A grid is a collection of computing resources that perform tasks. In its simplest form, a grid appears to users as a large system that provides a single point of access to powerful distributed resources. In its more complex form, which is explained later in this section, a grid can provide many access points to users. In all cases, users treat the grid as a single computational resource. Resource management software such as N1 Grid Engine 6.1 software (grid engine software) accepts jobs submitted by users. The software uses resource management policies to schedule jobs to be run on appropriate systems in the grid. Users can submit millions of jobs at a time without being concerned about where the jobs run.
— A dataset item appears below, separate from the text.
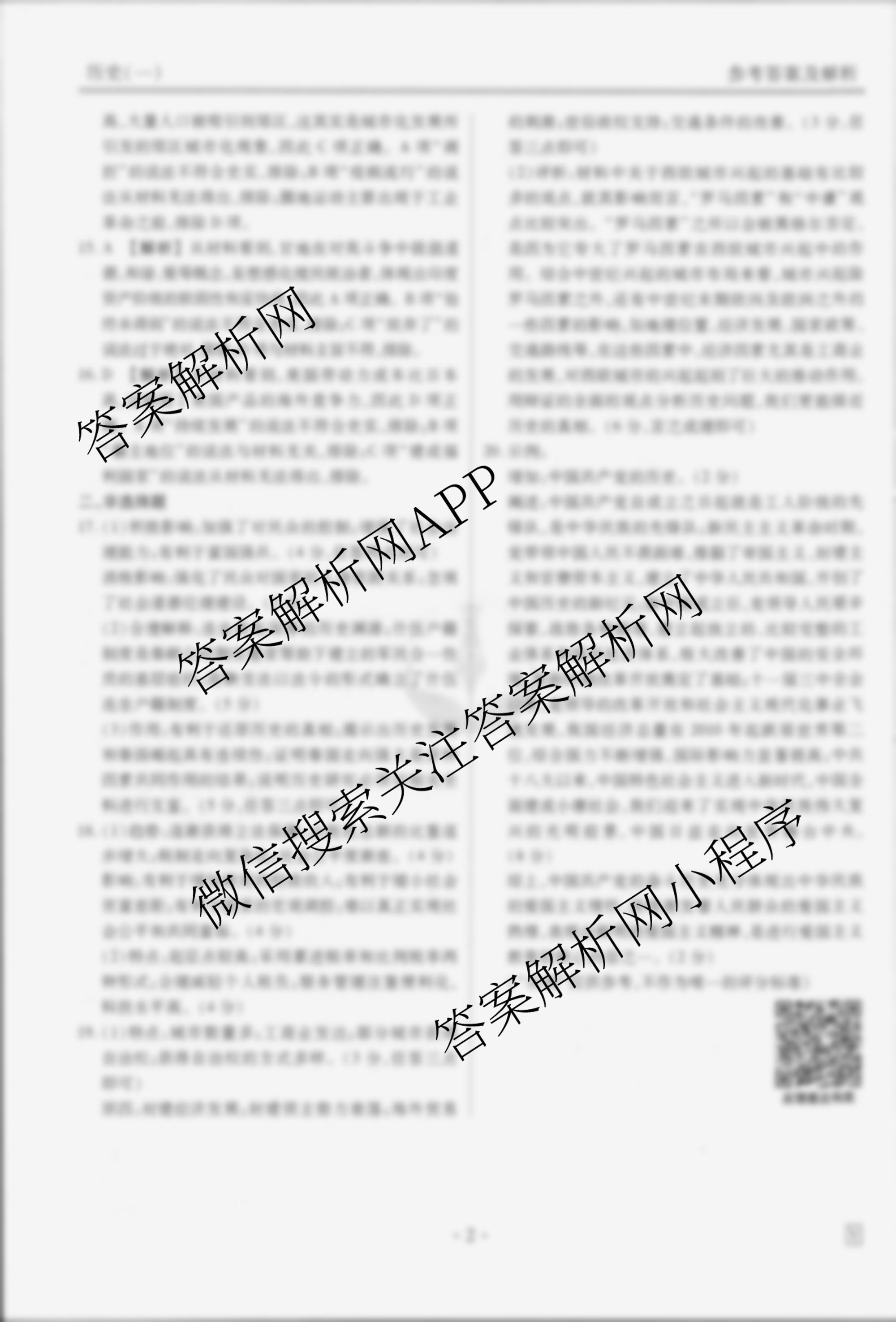 - (衡水金卷先享题)信息卷 2025年普通高中学业水平选择性考试模拟试题(一)1历史(AH)答案

No two grids are alike. One size does not fit all situations. The three key classes of grids, which scale from single systems to supercomputer-class compute farms that use thousands of processors, are as follows:

Figure 1–1 shows the three classes of grids. In the cluster grid, a user's job is handled by only one of the systems within the cluster. However, the user's cluster grid might be part of the more complex campus grid, and the campus grid might be part of the largest global grid. In such cases, the user's job can be handled by any member execution host that is located anywhere in the world.

Figure 1–1 Three Classes of Grids

This picture shows examples of cluster, campus,
and Global grids

N1 Grid Engine 6.1 software provides the power and flexibility required for campus grids. The product is useful for existing cluster grids because it facilitates a smooth transition to creating a campus grid. The grid engine system effects this transition by consolidating all existing cluster grids on the campus. In addition, the grid engine system is a good start for an enterprise campus that is moving to the grid computing model for the first time.

The grid engine software orchestrates the delivery of computational power that is based on enterprise resource policies set by the organization's technical and management staff. The grid engine system uses these policies to examine the available computational resources within the campus grid. The system gathers these resources and then allocates and delivers resources automatically, optimizing usage across the campus grid.

To enable cooperation within the campus grid, project owners who use the grid must do the following:

The grid engine software can mediate among the entitlements of many departments and projects that are competing for computational resources.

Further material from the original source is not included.